Millendo Therapeutics, Inc. (the “Company”), a Delaware corporation, together with its subsidiaries, is a clinical stage biopharmaceutical company primarily focused on developing novel treatments for endocrine diseases where current therapies do not exist or are insufficient. The Company seeks to leverage its understanding of recent biological discoveries in endocrinology to continue to advance and build its pipeline in order to improve the lives of patients.

The Company has a selective neurokinin 3 receptor (NK3R) antagonist (MLE-301) in its research and development pipeline, which it is developing as a potential treatment of vasomotor symptoms (“VMS”), commonly known as hot flashes and night sweats, in menopausal women. The Company is also actively pursuing additional pipeline assets in treatment areas where it has knowledge and experience in developing drug product candidates. The Company seeks to identify assets that complement its current portfolio.

The Company had been developing livoletide (AZP-531) as a potential treatment for Prader-Willi syndrome (“PWS”), a rare and complex genetic endocrine disease characterized by hyperphagia, or insatiable hunger. The Company discontinued the development of livoletide as a potential treatment for PWS in April 2020 based upon results from its Phase 2b trial. All costs, including estimated closeout costs associated with the livoletide program were recognized during the second quarter, which resulted in the Company recording $3.1 million in the second quarter of 2020. The Company recorded additional expense in the third quarter of 2020 related to the livoletide program, which reflects changes to estimated closeout costs. The Company does not expect to incur future material expenses related to this program.
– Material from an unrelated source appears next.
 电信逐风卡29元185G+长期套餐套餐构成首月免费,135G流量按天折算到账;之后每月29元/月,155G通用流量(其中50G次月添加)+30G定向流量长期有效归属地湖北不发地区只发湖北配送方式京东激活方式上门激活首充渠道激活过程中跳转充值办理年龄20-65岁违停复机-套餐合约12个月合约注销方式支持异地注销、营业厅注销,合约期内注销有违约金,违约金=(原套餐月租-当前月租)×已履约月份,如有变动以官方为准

In an effort to streamline costs after discontinuing the PWS program, the Company eliminated employee positions representing approximately 30% of its prior headcount, which were completed in the second quarter of 2020. The Company recorded one-time costs of $1.1 million in the form of termination benefits related to this plan in the second quarter of 2020.

The Company had also been developing nevanimibe (ATR-101) as a potential treatment for patients with classic congenital adrenal hyperplasia, (“CAH”), a rare, monogenic adrenal disease that requires lifelong treatment with exogenous cortisol, often at high doses. The Company elected to cease investing in the development of nevanimibe as a potential treatment for CAH in June 2020 based on an interim review of data from its Phase 2b trial. All costs, including estimated closeout costs associated with the nevanimibe program for the treatment of CAH were recognized during the second quarter of 2020. The Company recorded additional expense in the third quarter of 2020 related to the nevanimibe program, which reflects changes to estimated close out costs. The Company does not expect to incur future material expenses related to this program.